PROMPT: Begin at the first line of the data and copy each line through the one containing "Howdy Typography –", that line included, with no pictures.

INFORMATION PROVIDED:
-=-=-=-=-

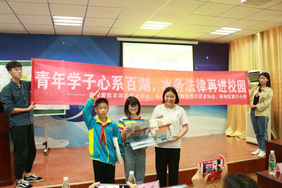 活动伊始,武汉爱我百湖志愿者协会副秘书长张淑倩为公司和蔡甸区第六小学赠送了《武汉湖泊志》、《水法规汇编》,随后进行了市属湖泊、水生植物的科普和趣味问答,帮助同学们强化保护湖泊的相关知识。
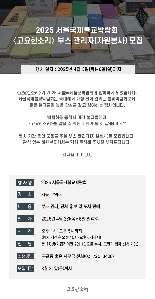 2025 서울국제불교박람회 부스관리자 모집(~3/21) 관리자 2025-02-26 조회수 : 780 첨부파일: 2025 서울국제불교박람회 봉사자 모집.png >>부스관리자(자원봉사) 신청하기 [클릭]
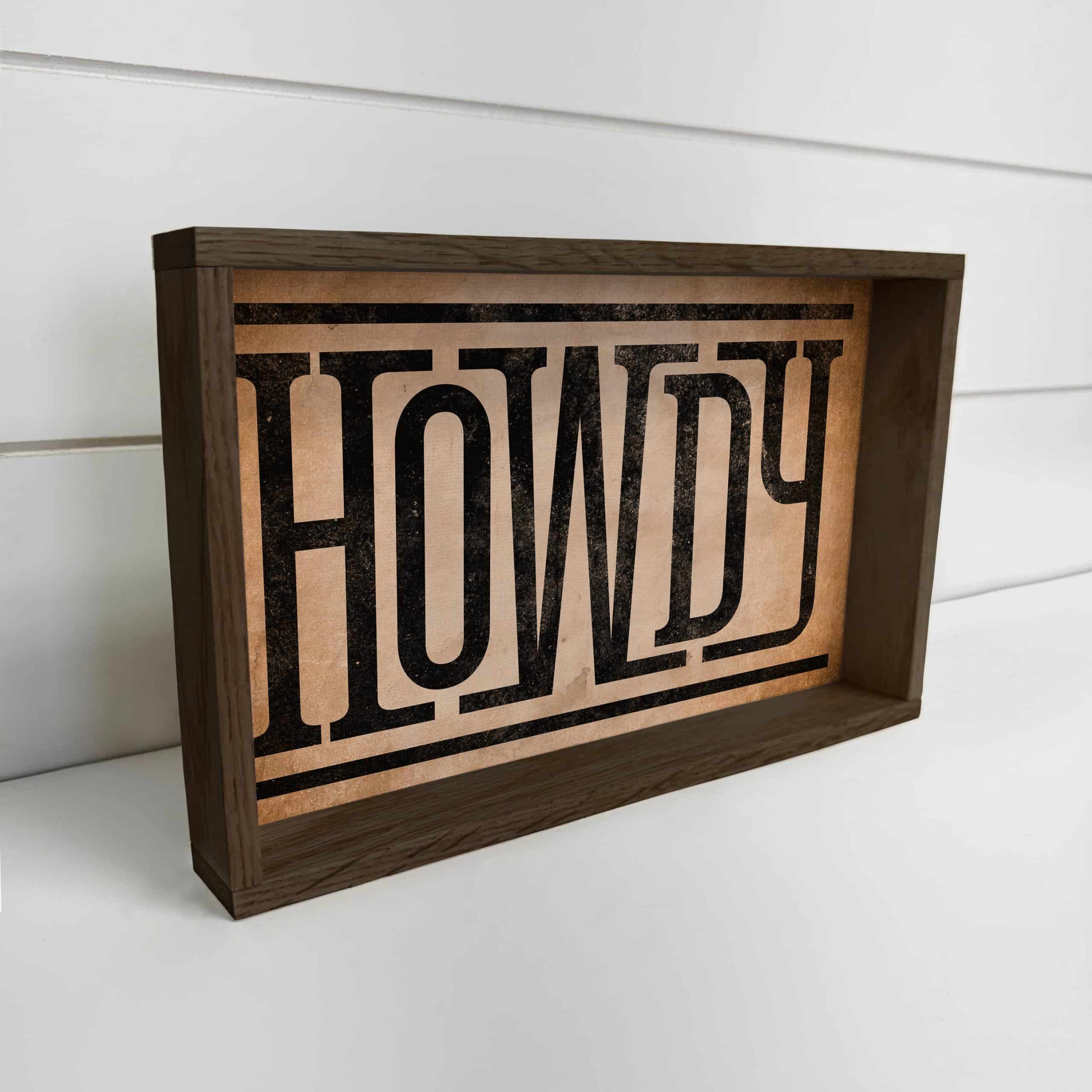 Howdy Typography – Western Word Canvas Art – Wood Framed Art: 6×10″ Mini Canvas Art with Wood Box Frame
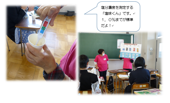 「朝食をとることの大切さ」「1日にとる塩分・糖分の量の目標」について、実物を提示しながら分かりやすい説明で、生徒はうなずきながら、しっかり聞いていました。その中で、自宅からみそ汁を持参した生徒は、塩分濃度測定をして、日頃食べている汁物の味付けの濃さについて振り返る良い機会になりました。今年はコロナウイルス感染予防のため、調理実習を行うことはできませんでしたが、人生の先輩から大切なアドバイスをいただくことができました。

-=-=-=-=-

WRITTEN ANSWER:
 活动伊始,武汉爱我百湖志愿者协会副秘书长张淑倩为公司和蔡甸区第六小学赠送了《武汉湖泊志》、《水法规汇编》,随后进行了市属湖泊、水生植物的科普和趣味问答,帮助同学们强化保护湖泊的相关知识。
 2025 서울국제불교박람회 부스관리자 모집(~3/21) 관리자 2025-02-26 조회수 : 780 첨부파일: 2025 서울국제불교박람회 봉사자 모집.png >>부스관리자(자원봉사) 신청하기 [클릭]
 Howdy Typography – Western Word Canvas Art – Wood Framed Art: 6×10″ Mini Canvas Art with Wood Box Frame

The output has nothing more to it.